• [Problem to solve]: Pictures do not belong in the copy. Return all of the entries exactly.

(Stored data entries)
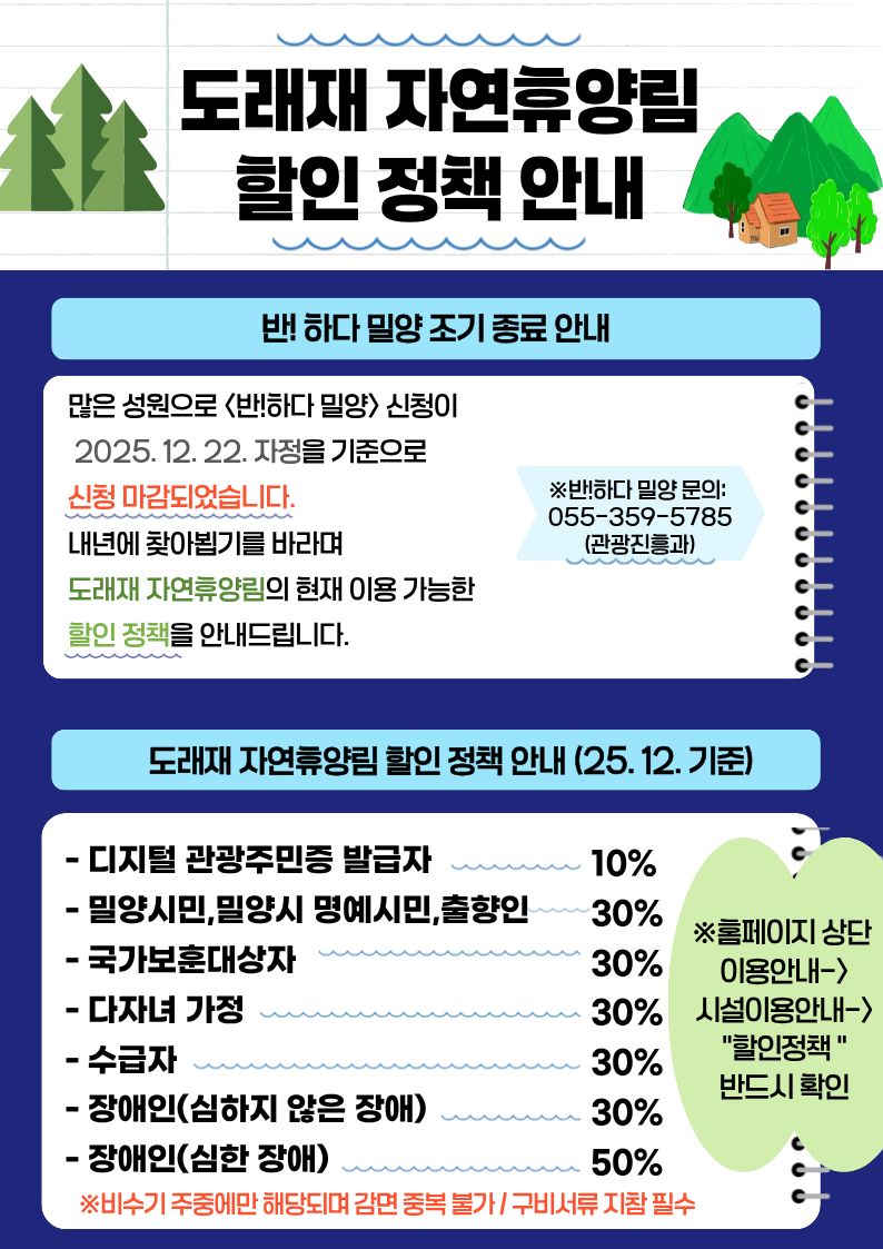 반!하다밀양 반값여행 조기 마감 안내(~12/22)
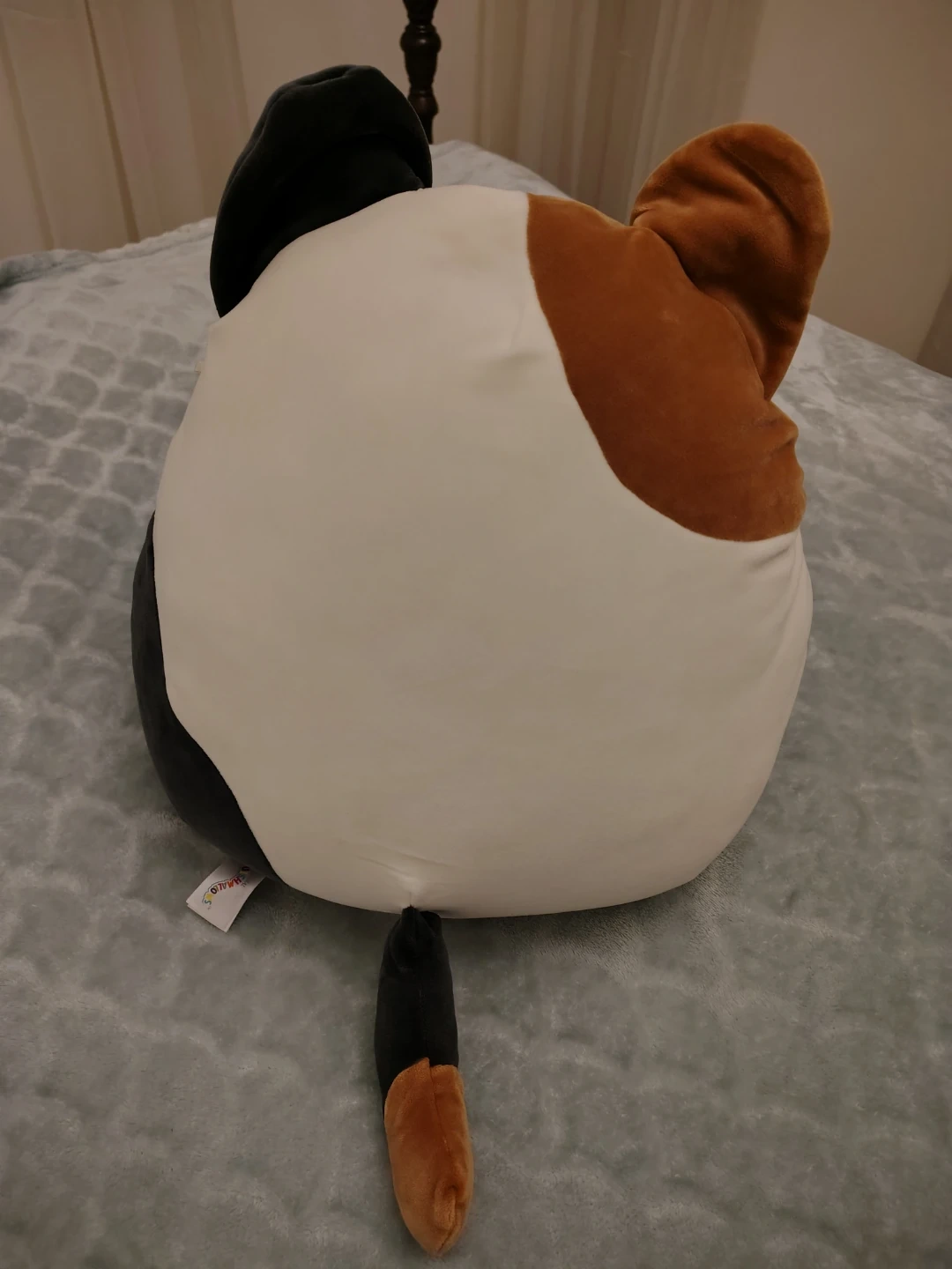 This is a cute Squishmallows plush toy shaped like a calico cat. It's super soft and cuddly! It makes a great addition to any stuffed animal collection. Basically new, put away in storage. Medium size
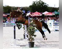 y Sang-chaud y Chevaux de saut d'obstacles y Hongre y Bai y Jument y Chevaux de dressage
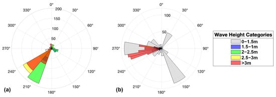 Wave rose diagram at accident time: (a) swell; (b) windsea.
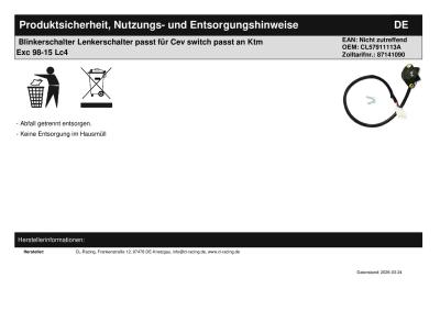 | Titel: | Blinkerschalter Lenkerschalter passt für Cev switch passt an Ktm Exc 98-15 Lc4 |

• [Your solution]:
 반!하다밀양 반값여행 조기 마감 안내(~12/22)
 This is a cute Squishmallows plush toy shaped like a calico cat. It's super soft and cuddly! It makes a great addition to any stuffed animal collection. Basically new, put away in storage. Medium size
 y Sang-chaud y Chevaux de saut d'obstacles y Hongre y Bai y Jument y Chevaux de dressage
 Wave rose diagram at accident time: (a) swell; (b) windsea.
 | Titel: | Blinkerschalter Lenkerschalter passt für Cev switch passt an Ktm Exc 98-15 Lc4 |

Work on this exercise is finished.